Stored data entries
******************************
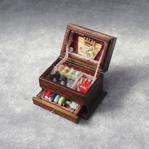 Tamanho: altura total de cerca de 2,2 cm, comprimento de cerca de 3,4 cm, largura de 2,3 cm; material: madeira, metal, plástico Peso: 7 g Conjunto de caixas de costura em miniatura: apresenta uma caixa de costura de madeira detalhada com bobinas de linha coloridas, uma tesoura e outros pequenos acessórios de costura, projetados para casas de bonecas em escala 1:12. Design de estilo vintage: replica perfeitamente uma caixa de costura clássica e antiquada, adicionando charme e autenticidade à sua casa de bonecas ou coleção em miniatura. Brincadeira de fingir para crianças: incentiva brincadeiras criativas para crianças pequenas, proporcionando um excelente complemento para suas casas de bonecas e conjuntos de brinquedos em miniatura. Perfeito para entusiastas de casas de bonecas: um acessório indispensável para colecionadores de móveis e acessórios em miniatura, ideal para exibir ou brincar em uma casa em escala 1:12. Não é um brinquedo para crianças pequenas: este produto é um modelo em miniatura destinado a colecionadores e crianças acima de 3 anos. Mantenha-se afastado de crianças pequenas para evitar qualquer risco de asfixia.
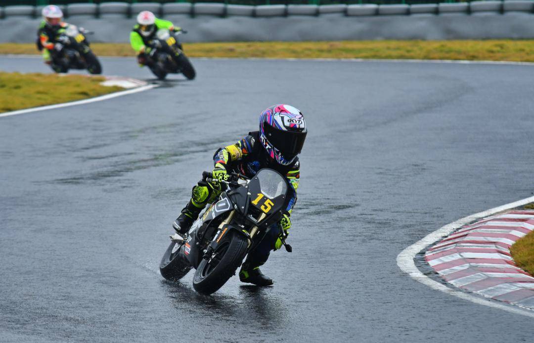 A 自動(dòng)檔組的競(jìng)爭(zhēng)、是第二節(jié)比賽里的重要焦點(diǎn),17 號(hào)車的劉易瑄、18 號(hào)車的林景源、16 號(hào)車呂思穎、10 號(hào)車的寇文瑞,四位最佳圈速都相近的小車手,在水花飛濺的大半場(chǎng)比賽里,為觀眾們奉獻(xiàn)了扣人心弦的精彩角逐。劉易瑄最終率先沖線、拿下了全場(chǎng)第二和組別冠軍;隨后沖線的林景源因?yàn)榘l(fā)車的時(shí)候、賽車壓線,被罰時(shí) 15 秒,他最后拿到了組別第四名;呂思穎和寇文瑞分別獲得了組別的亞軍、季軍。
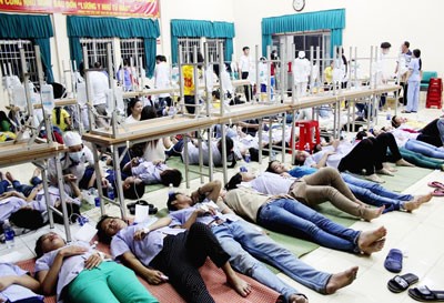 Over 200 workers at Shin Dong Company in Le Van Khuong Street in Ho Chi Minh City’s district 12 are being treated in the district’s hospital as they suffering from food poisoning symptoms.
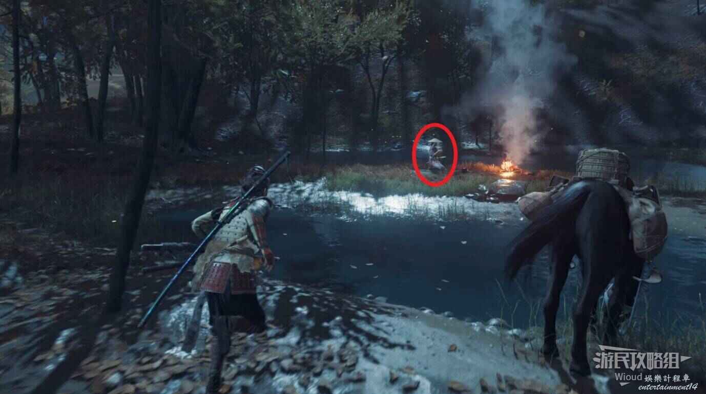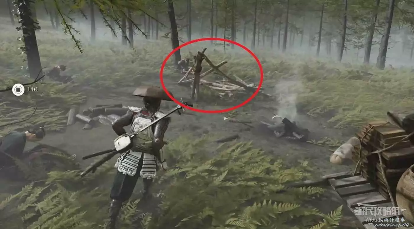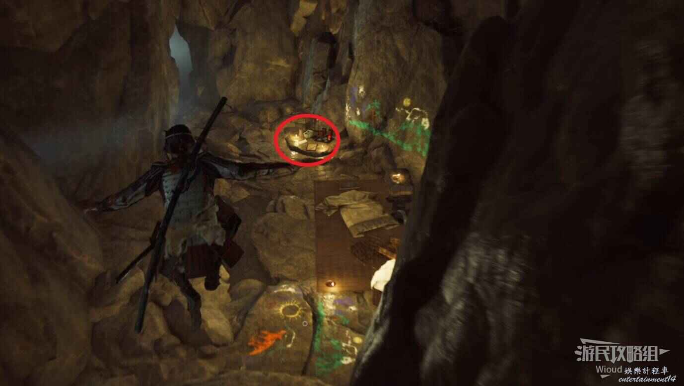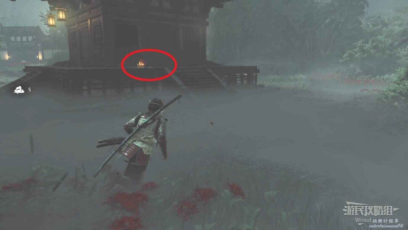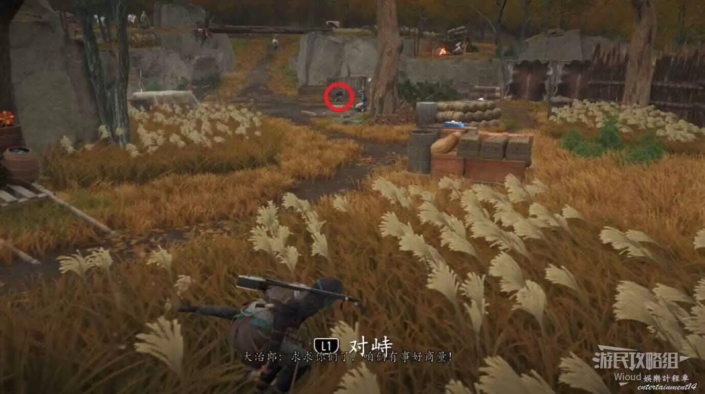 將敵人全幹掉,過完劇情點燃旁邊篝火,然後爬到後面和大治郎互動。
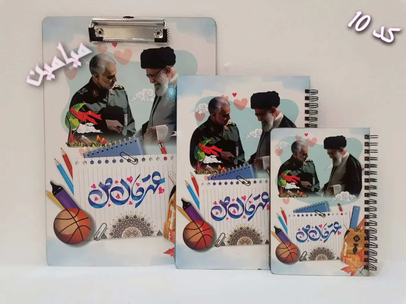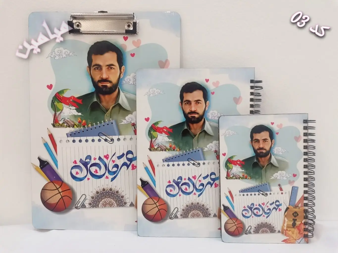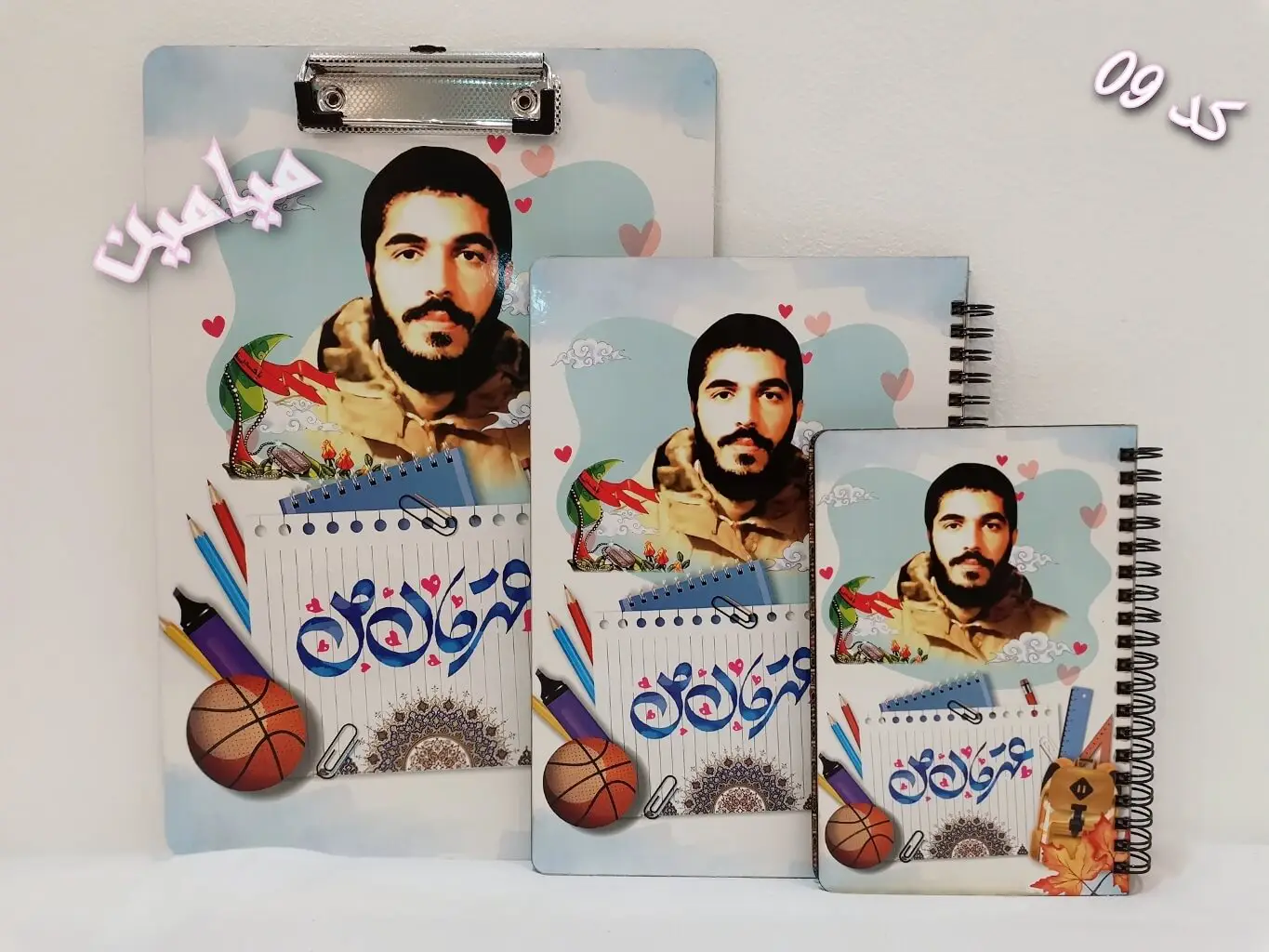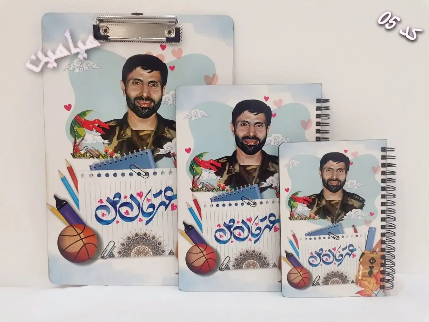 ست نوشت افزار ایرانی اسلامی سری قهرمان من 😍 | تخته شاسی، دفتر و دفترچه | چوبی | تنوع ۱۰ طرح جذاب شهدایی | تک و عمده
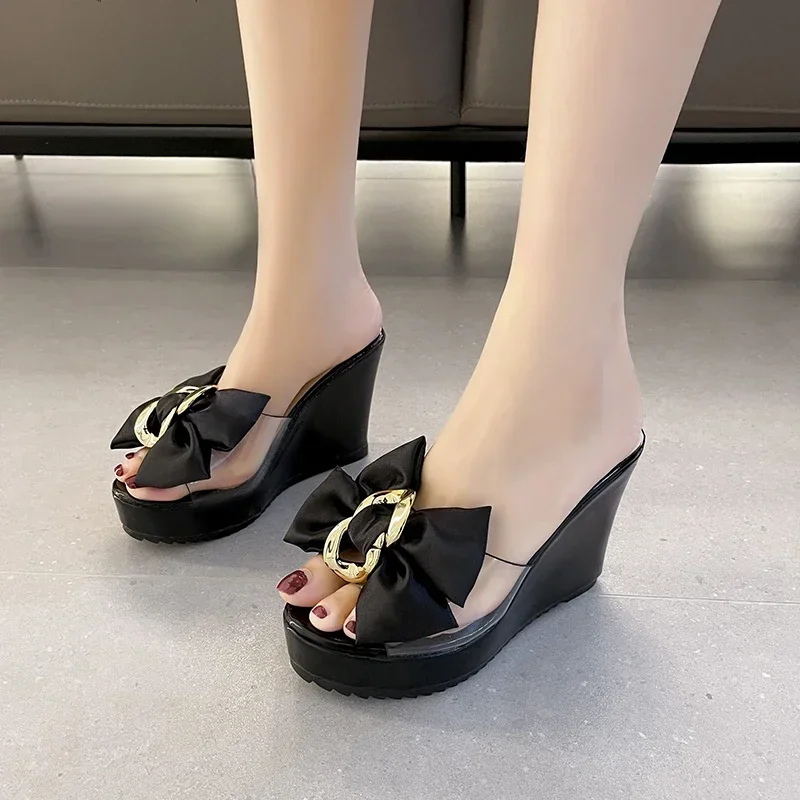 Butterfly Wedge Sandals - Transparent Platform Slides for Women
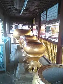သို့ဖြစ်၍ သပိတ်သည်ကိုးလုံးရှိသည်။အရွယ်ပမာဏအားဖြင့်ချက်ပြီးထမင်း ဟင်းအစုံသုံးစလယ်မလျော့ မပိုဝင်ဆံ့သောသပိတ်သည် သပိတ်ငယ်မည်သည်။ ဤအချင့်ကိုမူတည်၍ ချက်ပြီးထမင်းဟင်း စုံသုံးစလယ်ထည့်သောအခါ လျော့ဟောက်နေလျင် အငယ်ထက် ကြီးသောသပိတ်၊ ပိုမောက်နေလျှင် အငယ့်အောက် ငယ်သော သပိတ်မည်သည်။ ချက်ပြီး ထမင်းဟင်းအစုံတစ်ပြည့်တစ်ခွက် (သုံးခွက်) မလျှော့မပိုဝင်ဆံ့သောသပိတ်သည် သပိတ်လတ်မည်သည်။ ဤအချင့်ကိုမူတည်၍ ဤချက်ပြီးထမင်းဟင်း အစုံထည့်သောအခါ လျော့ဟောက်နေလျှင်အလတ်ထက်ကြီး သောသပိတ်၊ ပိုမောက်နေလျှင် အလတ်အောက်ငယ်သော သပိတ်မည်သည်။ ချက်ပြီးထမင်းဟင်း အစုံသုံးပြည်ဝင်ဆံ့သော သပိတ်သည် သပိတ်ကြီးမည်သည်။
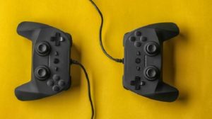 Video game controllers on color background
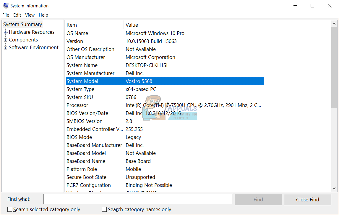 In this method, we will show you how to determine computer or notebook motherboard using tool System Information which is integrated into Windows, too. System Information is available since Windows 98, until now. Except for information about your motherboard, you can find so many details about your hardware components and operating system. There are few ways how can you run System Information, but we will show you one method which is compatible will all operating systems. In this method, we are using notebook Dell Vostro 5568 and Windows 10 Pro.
******************************
> Exercise prompt: Copy every record above exactly, leaving out any pictures.

> Written reply:
 Tamanho: altura total de cerca de 2,2 cm, comprimento de cerca de 3,4 cm, largura de 2,3 cm; material: madeira, metal, plástico Peso: 7 g Conjunto de caixas de costura em miniatura: apresenta uma caixa de costura de madeira detalhada com bobinas de linha coloridas, uma tesoura e outros pequenos acessórios de costura, projetados para casas de bonecas em escala 1:12. Design de estilo vintage: replica perfeitamente uma caixa de costura clássica e antiquada, adicionando charme e autenticidade à sua casa de bonecas ou coleção em miniatura. Brincadeira de fingir para crianças: incentiva brincadeiras criativas para crianças pequenas, proporcionando um excelente complemento para suas casas de bonecas e conjuntos de brinquedos em miniatura. Perfeito para entusiastas de casas de bonecas: um acessório indispensável para colecionadores de móveis e acessórios em miniatura, ideal para exibir ou brincar em uma casa em escala 1:12. Não é um brinquedo para crianças pequenas: este produto é um modelo em miniatura destinado a colecionadores e crianças acima de 3 anos. Mantenha-se afastado de crianças pequenas para evitar qualquer risco de asfixia.
 A 自動(dòng)檔組的競(jìng)爭(zhēng)、是第二節(jié)比賽里的重要焦點(diǎn),17 號(hào)車的劉易瑄、18 號(hào)車的林景源、16 號(hào)車呂思穎、10 號(hào)車的寇文瑞,四位最佳圈速都相近的小車手,在水花飛濺的大半場(chǎng)比賽里,為觀眾們奉獻(xiàn)了扣人心弦的精彩角逐。劉易瑄最終率先沖線、拿下了全場(chǎng)第二和組別冠軍;隨后沖線的林景源因?yàn)榘l(fā)車的時(shí)候、賽車壓線,被罰時(shí) 15 秒,他最后拿到了組別第四名;呂思穎和寇文瑞分別獲得了組別的亞軍、季軍。
 Over 200 workers at Shin Dong Company in Le Van Khuong Street in Ho Chi Minh City’s district 12 are being treated in the district’s hospital as they suffering from food poisoning symptoms.
 將敵人全幹掉,過完劇情點燃旁邊篝火,然後爬到後面和大治郎互動。
 ست نوشت افزار ایرانی اسلامی سری قهرمان من 😍 | تخته شاسی، دفتر و دفترچه | چوبی | تنوع ۱۰ طرح جذاب شهدایی | تک و عمده
 Butterfly Wedge Sandals - Transparent Platform Slides for Women
သို့ဖြစ်၍ သပိတ်သည်ကိုးလုံးရှိသည်။အရွယ်ပမာဏအားဖြင့်ချက်ပြီးထမင်း ဟင်းအစုံသုံးစလယ်မလျော့ မပိုဝင်ဆံ့သောသပိတ်သည် သပိတ်ငယ်မည်သည်။ ဤအချင့်ကိုမူတည်၍ ချက်ပြီးထမင်းဟင်း စုံသုံးစလယ်ထည့်သောအခါ လျော့ဟောက်နေလျင် အငယ်ထက် ကြီးသောသပိတ်၊ ပိုမောက်နေလျှင် အငယ့်အောက် ငယ်သော သပိတ်မည်သည်။ ချက်ပြီး ထမင်းဟင်းအစုံတစ်ပြည့်တစ်ခွက် (သုံးခွက်) မလျှော့မပိုဝင်ဆံ့သောသပိတ်သည် သပိတ်လတ်မည်သည်။ ဤအချင့်ကိုမူတည်၍ ဤချက်ပြီးထမင်းဟင်း အစုံထည့်သောအခါ လျော့ဟောက်နေလျှင်အလတ်ထက်ကြီး သောသပိတ်၊ ပိုမောက်နေလျှင် အလတ်အောက်ငယ်သော သပိတ်မည်သည်။ ချက်ပြီးထမင်းဟင်း အစုံသုံးပြည်ဝင်ဆံ့သော သပိတ်သည် သပိတ်ကြီးမည်သည်။
 Video game controllers on color background
 In this method, we will show you how to determine computer or notebook motherboard using tool System Information which is integrated into Windows, too. System Information is available since Windows 98, until now. Except for information about your motherboard, you can find so many details about your hardware components and operating system. There are few ways how can you run System Information, but we will show you one method which is compatible will all operating systems. In this method, we are using notebook Dell Vostro 5568 and Windows 10 Pro.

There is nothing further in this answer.